[[ Data extracts open ]]

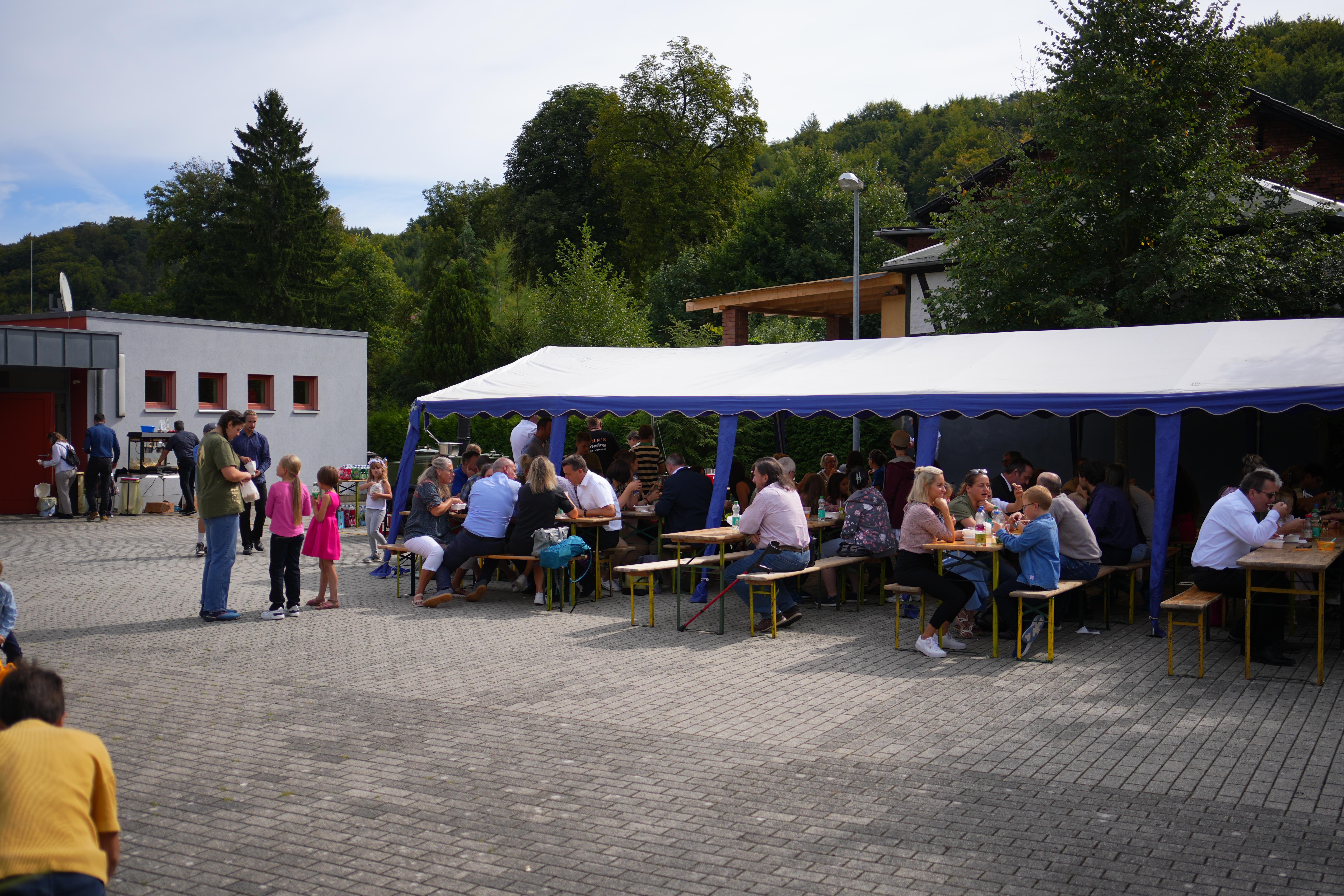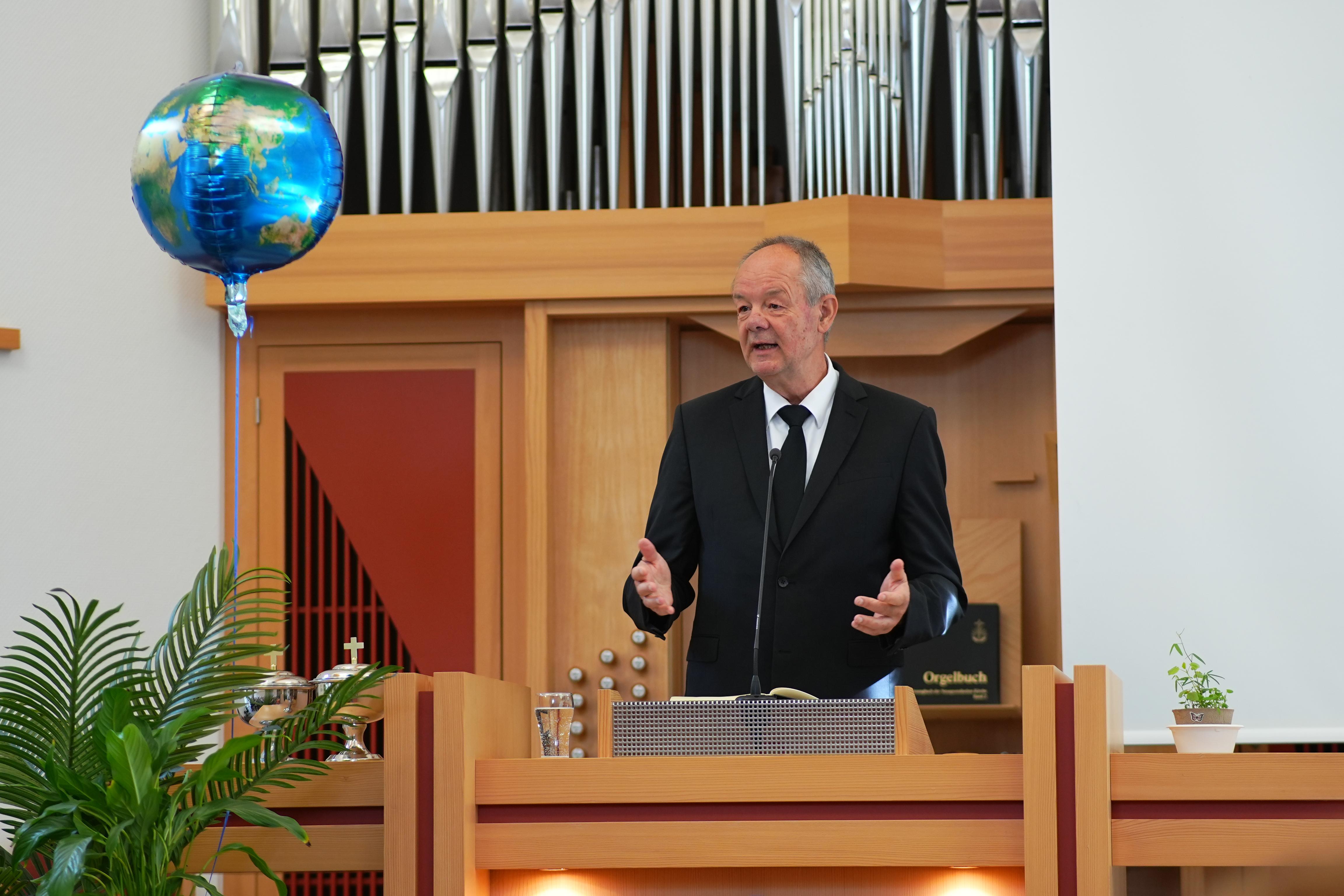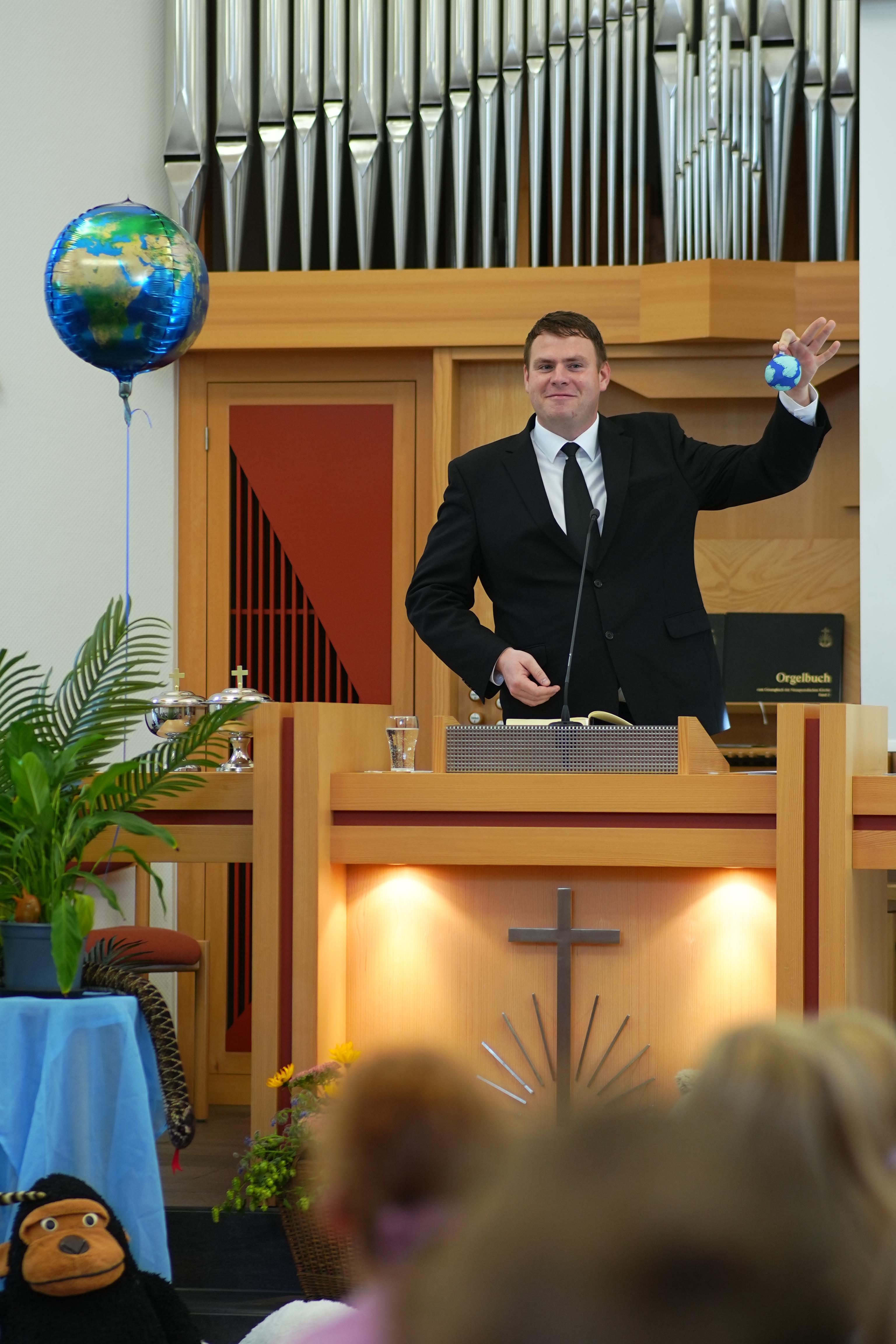 Los ging es mit einem Kindergottesdienst. Bezirksvorsteher Uwe Weyh erzählte eine kleine Geschichte von einem Laternenfest. Dabei stellte er viele Fragen: „Was hat Gott alles erschaffen?“ – und die Kinder riefen begeistert ihre Antworten: die Sonne, Tiere, Pflanzen, das Meer und natürlich auch uns Menschen!
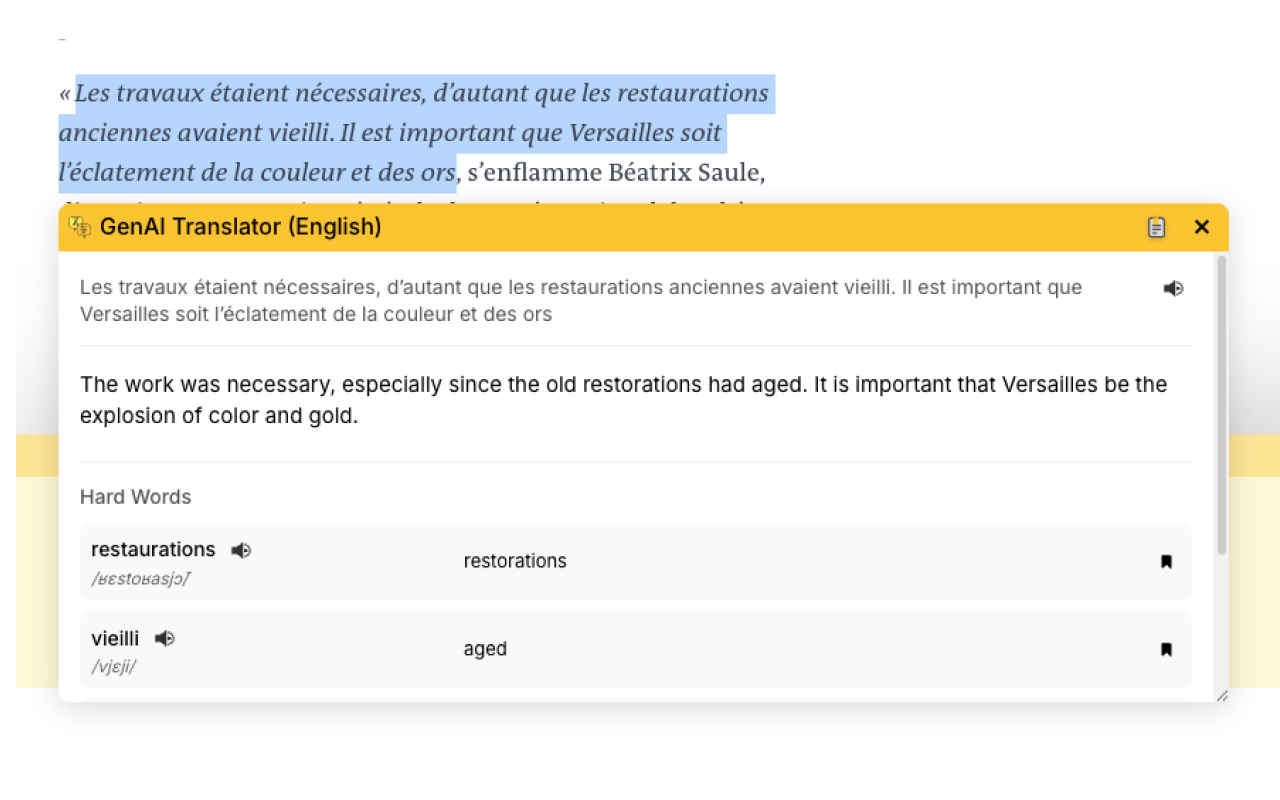- 翻译历史记录:自动保存您的翻译,以便稍后在专用历史记录页面上查看。
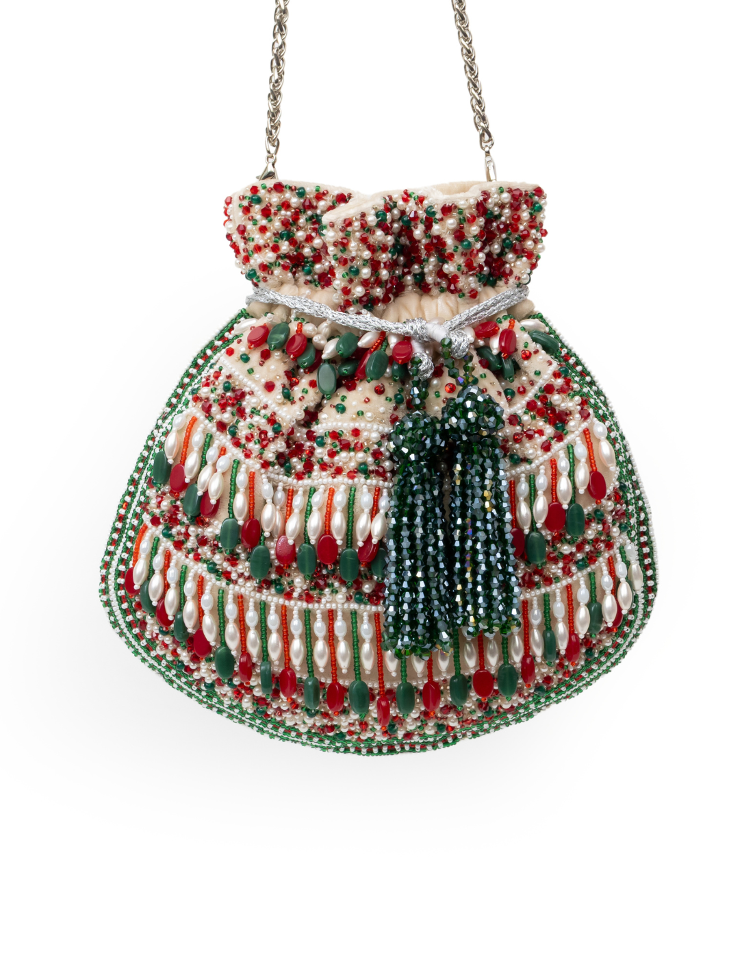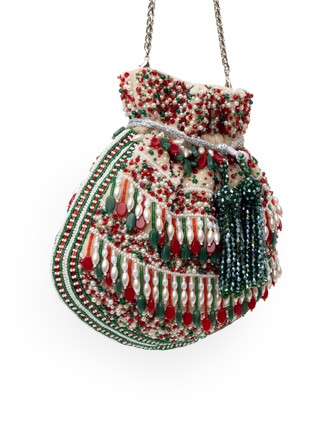 Emerald Muse is exquisitely crafted on a warm cream velvet base, lavishly hand-embellished with intricate micro seed beads and delicate pearl clusters. The striking traditional palette of red, deep green, and ivory weaves through its ornate pattern, creating a rich, regal finish. A prominent multi-strand dark green crystal tassel adorns the drawstring, while the structured circular base ensures a poised, sculpted silhouette — a true statement of timeless luxury. ✨
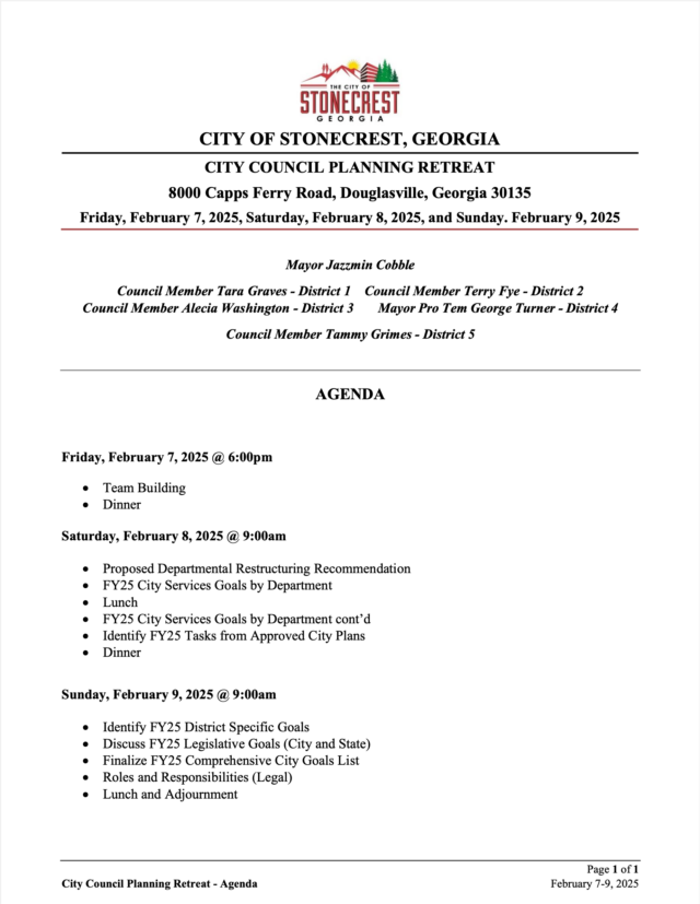 Home»Legal Notices»City of Stonecrest NOTICE – City Council Planning Retreat, February 7-9, 2025 – Final
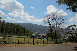 栗きんとんソフトを食べながらの帰り道は下りなので楽である。脇本陣資料館や藤村記念館などに立ち寄ってから駐車場に戻ると、近くにあるという「馬籠城址」に。しかしそこは看板が立っているだけで何も残っていない。地形的にもさほど堅固にも感じられないし、館レベルの城郭だったのだろうか。
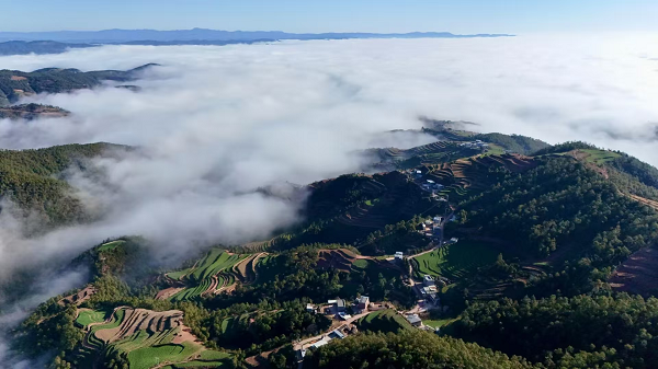 歲末大寒,晨間暖陽(yáng)輕拂,南華縣沙橋鎮(zhèn)的群山在霧氣繚繞間顯露青綠身姿。靜謐的村莊、碧綠的梯田,似乎已早早收到了春的訊息。(陸志堅(jiān) 攝)
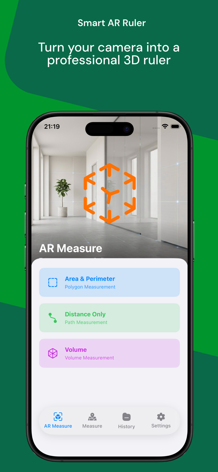 - Save AR Snapshots: Seamlessly save your AR measurements with stunning 3D wireframes and metric labels right into your history.
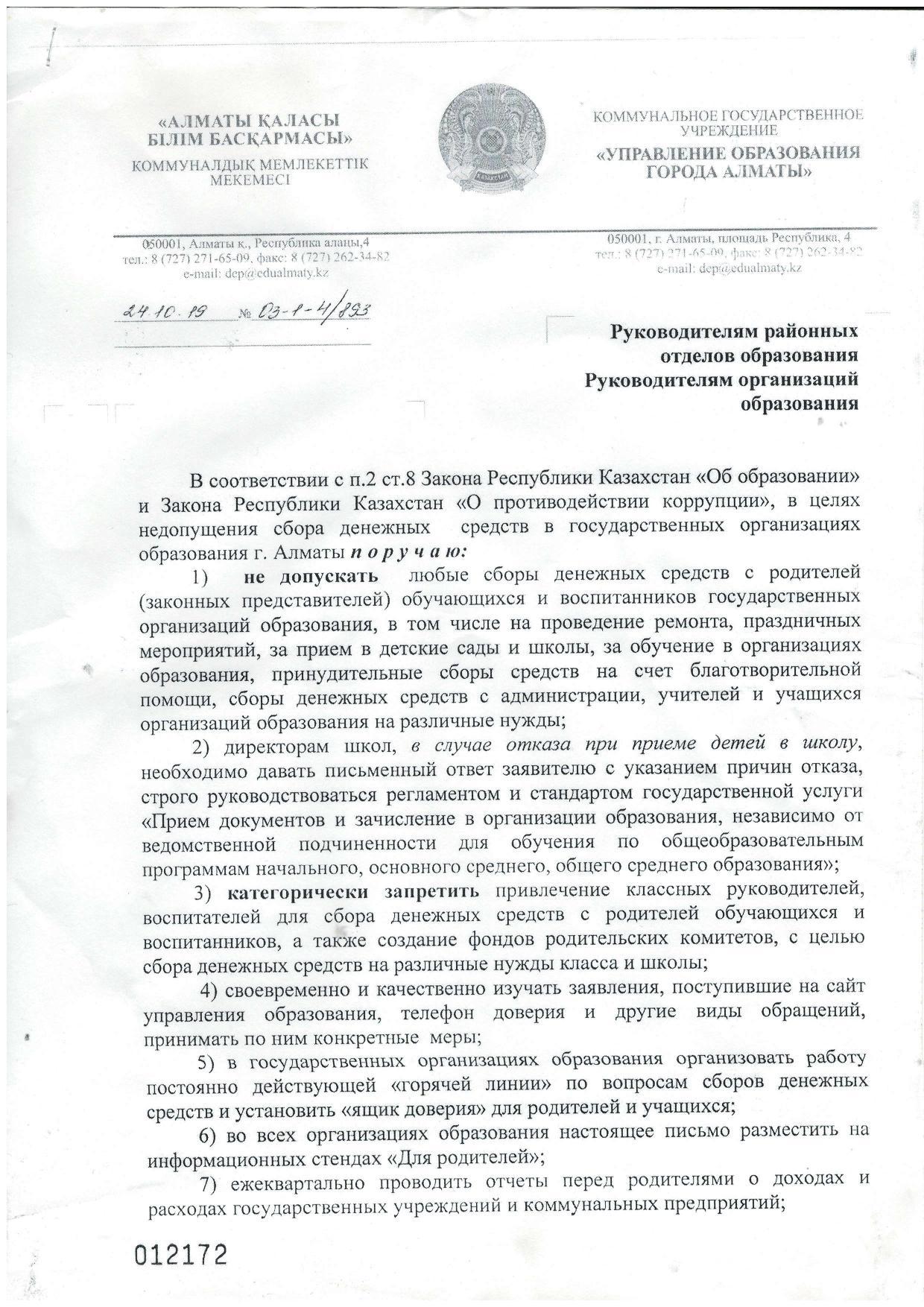Сыбайлас жемқорлыққа қарсы күрес туралы » Школа №100 г. Алматы

[[ Data extracts closed ]]

Omit the pictures, and please restate word for word the lines running from the line with "2025 – Final" to the end of the entries.

 Home»Legal Notices»City of Stonecrest NOTICE – City Council Planning Retreat, February 7-9, 2025 – Final
 栗きんとんソフトを食べながらの帰り道は下りなので楽である。脇本陣資料館や藤村記念館などに立ち寄ってから駐車場に戻ると、近くにあるという「馬籠城址」に。しかしそこは看板が立っているだけで何も残っていない。地形的にもさほど堅固にも感じられないし、館レベルの城郭だったのだろうか。
 歲末大寒,晨間暖陽(yáng)輕拂,南華縣沙橋鎮(zhèn)的群山在霧氣繚繞間顯露青綠身姿。靜謐的村莊、碧綠的梯田,似乎已早早收到了春的訊息。(陸志堅(jiān) 攝)
 - Save AR Snapshots: Seamlessly save your AR measurements with stunning 3D wireframes and metric labels right into your history.
Сыбайлас жемқорлыққа қарсы күрес туралы » Школа №100 г. Алматы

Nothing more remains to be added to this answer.